Sample preparation: A 25 g of bread samples were suspended in 225 mL; of buffered peptone water (BPW), and homogenized in Erlenmeyer flasks for 5 min using shaker at 160 rpm. A 1 mL of homogenized sample was transferred into 9 mL of BPW, and mixed thoroughly by using vortex mixer. The homogenized food sample was serially diluted from 10-1 to 10-6 and 0.1 mL aliquot of appropriate dilution was plated on pre-solidified plates and incubated at appropriate temperature and period. The colonies was counted from plate containing microbial colonies between 30 and 300 and expressed in colony forming units per gram (CFU/ g).
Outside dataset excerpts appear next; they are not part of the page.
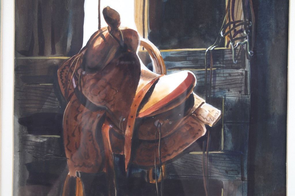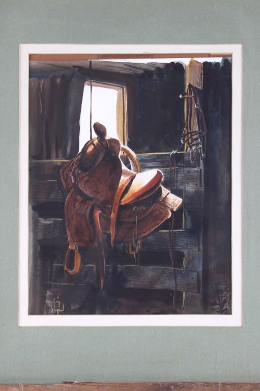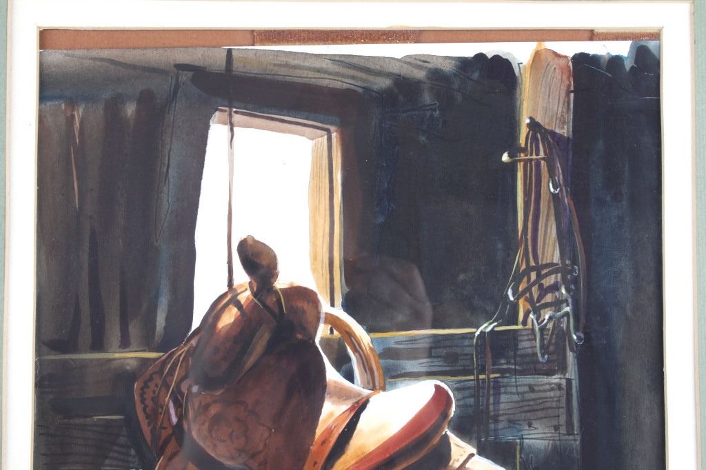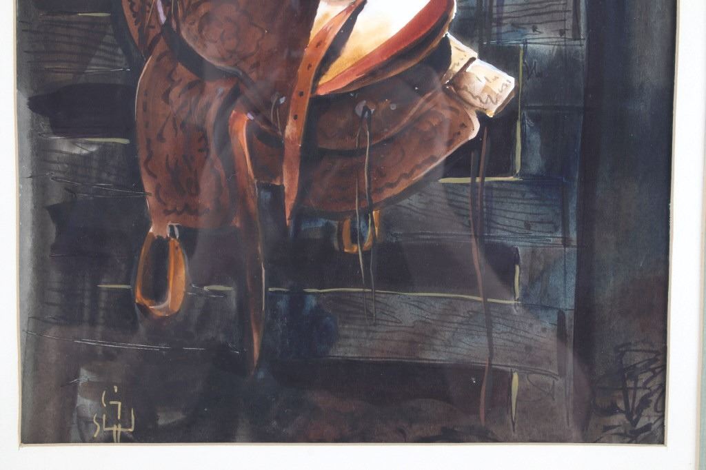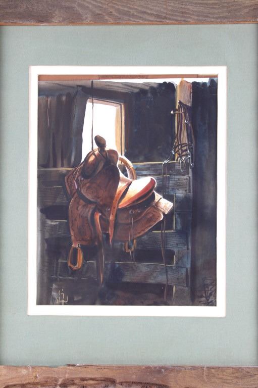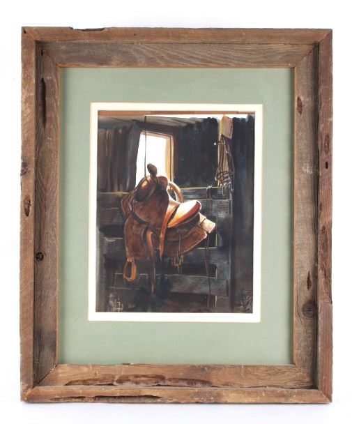 Featured in this lot is an Original Signed Craig Sheppard, "In The Shed", a watercolor on paper in a rustic wood frame, signed on bottom left corner. Provenance: the Owen D. Mort, Jr. Collection. Owen David Mort was an American engineer who amassed an impressive collection throughout his worldwide travels. His collection has included art, artifacts and other historical items from which he has donated to museums at the University of Utah and the Snite Museum of Art at the University of Notre Dame. Sheppard (1913-1978) is known primarily for his Western theme oil and watercolor paintings, though his range of graphic expression is diverse, and his work was acclaimed in numerous national and international exhibitions. He joined the Art Department at the University of Nevada in 1947, serving as the department chair before retiring in 1973. Sheppard's works are on display at the John & Geraldine Lilley Museum of Art at the University of Nevada, Reno. Sheppard learned to rope and to ride from his father. As a young man, he was a cowboy and rodeo rider, even riding bulls, and the cowboy mystique was to stick to him for the rest of his life. The Nevada desert was a challenge as well to this painter familiar with the brighter colors of the landscape of the Southwest. Free time away from the university found him exploring the Nevada desert landscape, learning to appreciate and paint its subtle colors, strong contrasts of light and dark, and, most of all, its immensity of space. Watercolor is the medium for which he is most noted and in which he worked exclusively toward the end of his life. A transparent medium, difficult if not impossible to rework or correct, it seemed to suit his temperament. Sheppard applies his style of contrasting colors and light focusing on a stamped with conchos Western saddle hanging in a tack shed. Bright sunshine spotlights the cantle and pommel, the stamped fender, saddle strings and skirt details still clearly visible in the shadows. A horse's bridle hangs above on a post; one can taste the Western lifestyle. The double matted rustic wood frame is striking. Visible art measures 13.25"L x 10.5"W; The frame is 24.5"L x 20.5"W x 1.5"D.*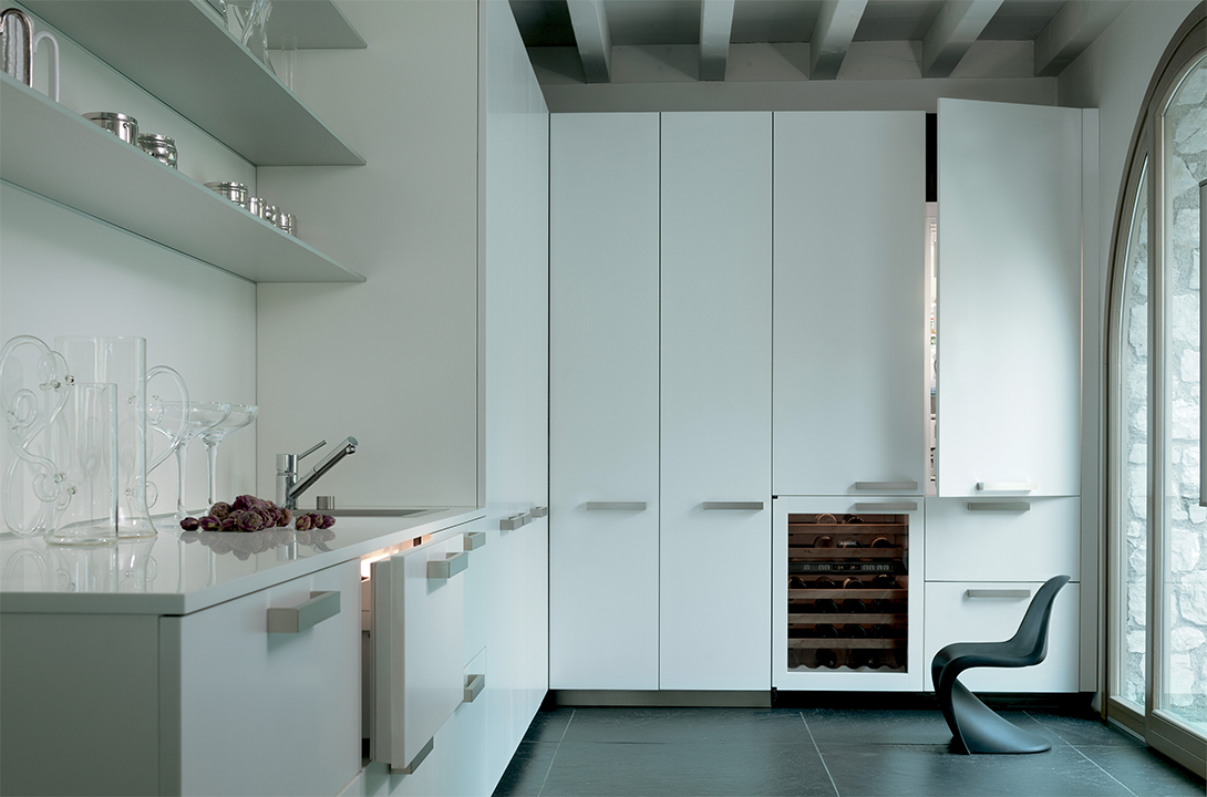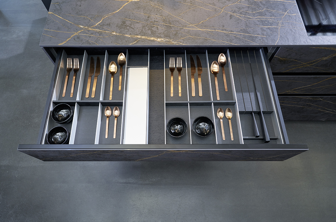 廚具客製化的細節可調性非常高,除了針對主要烹飪者的身高來決定櫥櫃的高度,也可以針對左撇子來做廚具設計。總監特別提到,水槽才是第一優先決定檯面高度的設備而並非瓦斯爐,因為對於烹飪者而言,於洗手台切菜、洗菜、洗碗的時間遠比在瓦斯爐上炒菜、煮菜的時間多太多了,試著回想一下要做一道家常菜,備菜的時間可能需要45-50分鐘,但炒菜時間只需要5分鐘。另外,如果家裡不常進行烹調,首要高度設計則為煮水的瓦斯爐或是品酒的中島吧檯。所以還是需要針對使用者情境來去做出完美設計。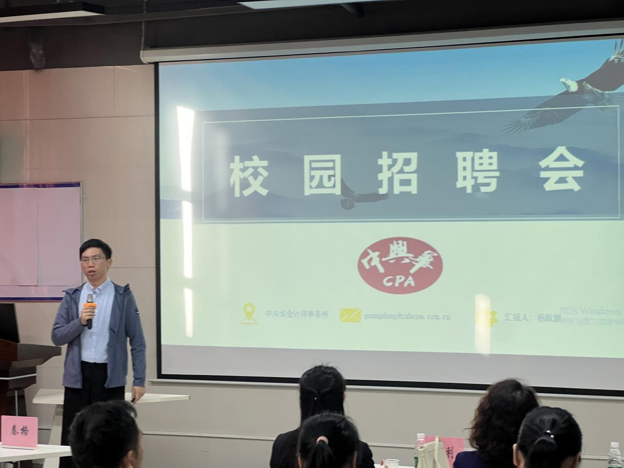 为进一步夯实研究生实践教学环节,提升研究生实践创新能力,11月17日下午14:30-17:00,公司在北苑融创空间多功能路演厅成功举办了2023级会计硕士研究生实习单位宣讲会。tyc122cc太阳成集团副经理秦格教授主持本次宣讲会,tyc122cc太阳成集团副经理舒利敏副教授和来自大信会计师事务所广州分所、广东司农会计师事务所、广东中天粤会计师事务所、致同会计师事务所广州分所、中汇会计师事务所广州分所、中审众环会计师事务所广东分所、中兴华会计师事务所广东分所的招聘人员以及2023级全体会计硕士研究生参加了此次招聘会。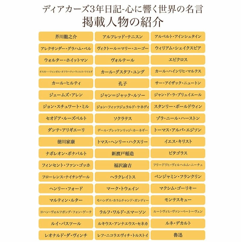 他の画像を見る 一冊で複数年にわたって書ける「連用日記」 ディアカーズ DEAR CARDS 3年日記 心に響く世界の名言 送料無料 特別価格 ¥ 4,180 税込 一冊で複数年にわたって書ける「連用日記」 詳細を見る お気に入りに登録する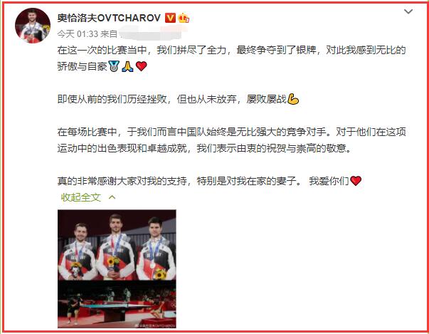 在比赛结束后,收获银牌的奥恰洛夫非常兴奋,他在北京时间凌晨1点33分,东京时间凌晨2点多还没有睡觉,并通过社交媒体发布了一段夺得银牌后的感言,同时还不忘向中国队致敬。
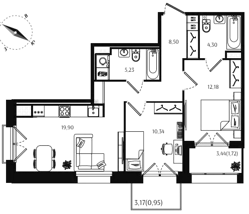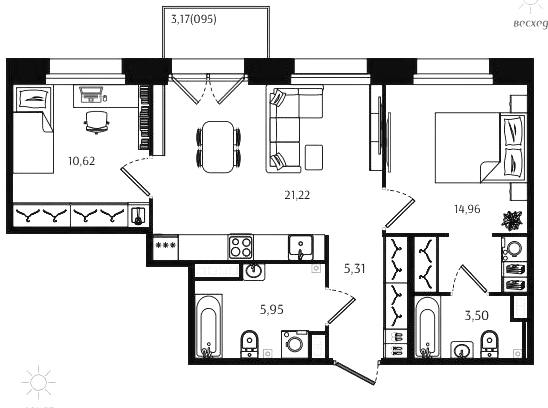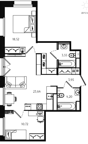 Трехкомнатные квартиры (10 квартир, 9 планировок)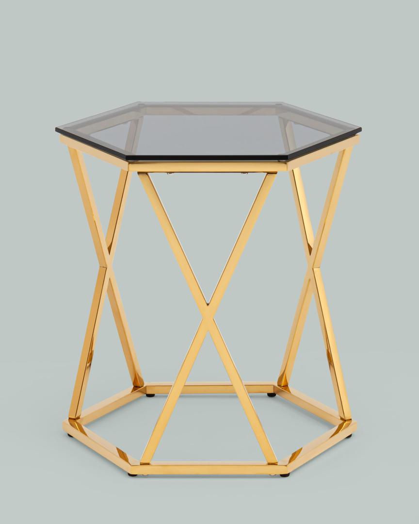Журнальный столик Круз 48*42 стекло smoke каркас закаленная сталь золото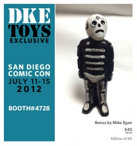 While the AwesomeToyBlog staff was camping this weekend, DKE Toys announced another pair of SDCC exclusives. Up first is the first toy from artist Mike Egan, Bones, an 8″ tall handpainted figure by Luke Rook/Lullubell/Grody Shogun in vinyl. Bones is limited to an edition size of 80 pieces and is priced at $45. There may be more than one colorway at the show!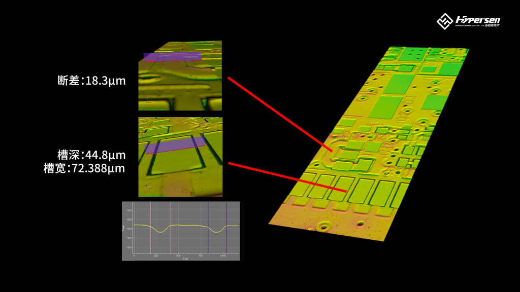 使用海伯森3D線光譜共焦傳感器HPS-LCF1000對樣品進行精密測量,可以獲取上圖信息。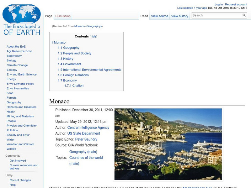 The Encyclopedia of Earth provides an overview of Monaco, including its geography, natural resources, history, government, economy, and much more. Maps and images are also included, along with sources used to create the entry.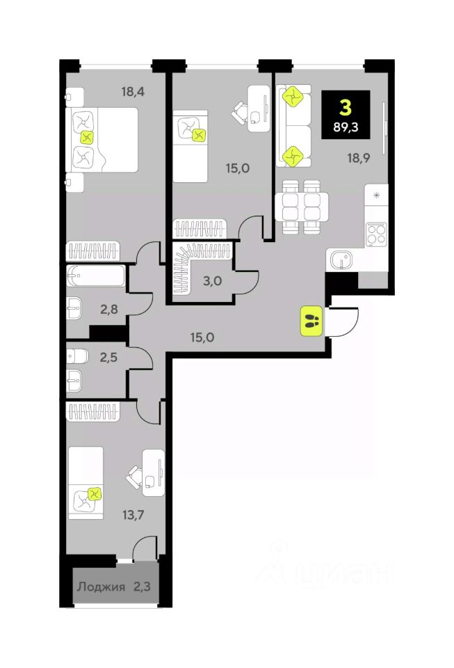 Просторная трехкомнатная квартира с предчистовой отделкой в ЖК "Дивный квартал у озера" на 2 этаже. Общая площадь: 89.3 кв.м., жилая: 43.1 кв.м., площадь просторной кухни-столовой: 19.3 кв.м. Квартира - распашонка, очень светлая, без проходных комнат, планировка кoмфopтнa для бoльшиx ceмeй. В квартире один балкон, один совмещенный и один раздельный санузел. Высота потолков 2.7 м.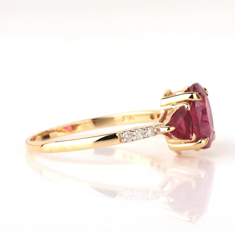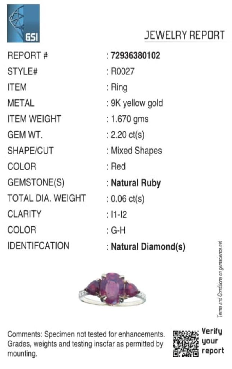 9CT YELLOW GOLD NATURAL RUBY & DIAMOND RING Weight Of The Item: 1.67 GFineness Of Metal(S): Yellow Gold 9KtThe Ring Consists Of (1) Oval Brilliant Natural Ruby & (2) Round Brilliant Cut Ruby. Surrounding The Main Stones Are Round Brilliant Cut Natural Diamonds.Ring Size: Us 7Identification: Natural Ruby / Natural RubyColor: Red / RedShape: Oval Brilliant Cut / Trillion Faceted CutNo. Of Stone: 3Dimension: 8 Mm X 6 Mm X 4.8 MmWeight: 1.6 Carats / 0.6 CaratsCut: Very GoodIdentification: Natural DiamondShape: Round Brilliant CutWeight: 0.06 CtsCertificates Are Provided By Gemological Science International (Gsi), An Independent Third-Party Gemological Laboratory Based In The Usa And Recognised Among The Top 10 Gem Labs Globally Condition: Good - Refer Images 0160841+142

Microbial enumeration: From appropriate serial dilutions, 0.1 mL of the aliquot was plated on Plate Count Agar (PCA), Violet Red Bile Agar (VRBA) plates [10], MacConkey agar [11], Mannitol Salt Agar (MSA) [12] and incubated at 32°C for 48 h for count Aerobic mesophilic bacteria, Coliform, Enteriobacteriaceae and Staphylococci, respectively, and also for count of Aerobic bacterial spore formers, appropriate serially diluted sample was heat treated in a water bath adjusted at 80o C for at least 10 min. Thereafter, 0.1 mL aliquot was plated on pre-solidified surface of PCA and incubated at 35o C for 48 h [12]. Moreover, after, 0.1 mL aliquot was plated on pre-solidified surfaces of Potato Dextrose Agar supplemented with 0.1 g chloramphenicol and incubated at 25o C for 5-7 days [11]. Smooth (non-hairy) colonies without extension at periphery were counted as yeasts whereas hairy colonies with extension at periphery were counted as mould. Microbial analysis: From appropriate aerobic mesophilic countable plate, 10 to 15 colonies with distinct morphological differences were randomly picked from plates and aseptically transferred in to a test tube containing 5 ml of nutrient broth. Then, incubated at 32o C for 24 h. The repeatedly sub-culturing isolates were characterized up to genus level based on John [13] bacterial classification manual. The cell morphology of the bacterial pure isolates was examined microscopically after gram staining, and also the motility of isolates were checked using motility medium. Moreover, after repeatedly purified the agar block of mold culture on PDA, the morphology of hyphal culture was stained using lacto phenol cotton blue and observed under the microscope for identification of fungal genera. The biochemical test including KOH (potassium hydroxide), Catalase, Oxidation fermentation (O/F), Cytochrome oxidase tests were conducted, accordingly.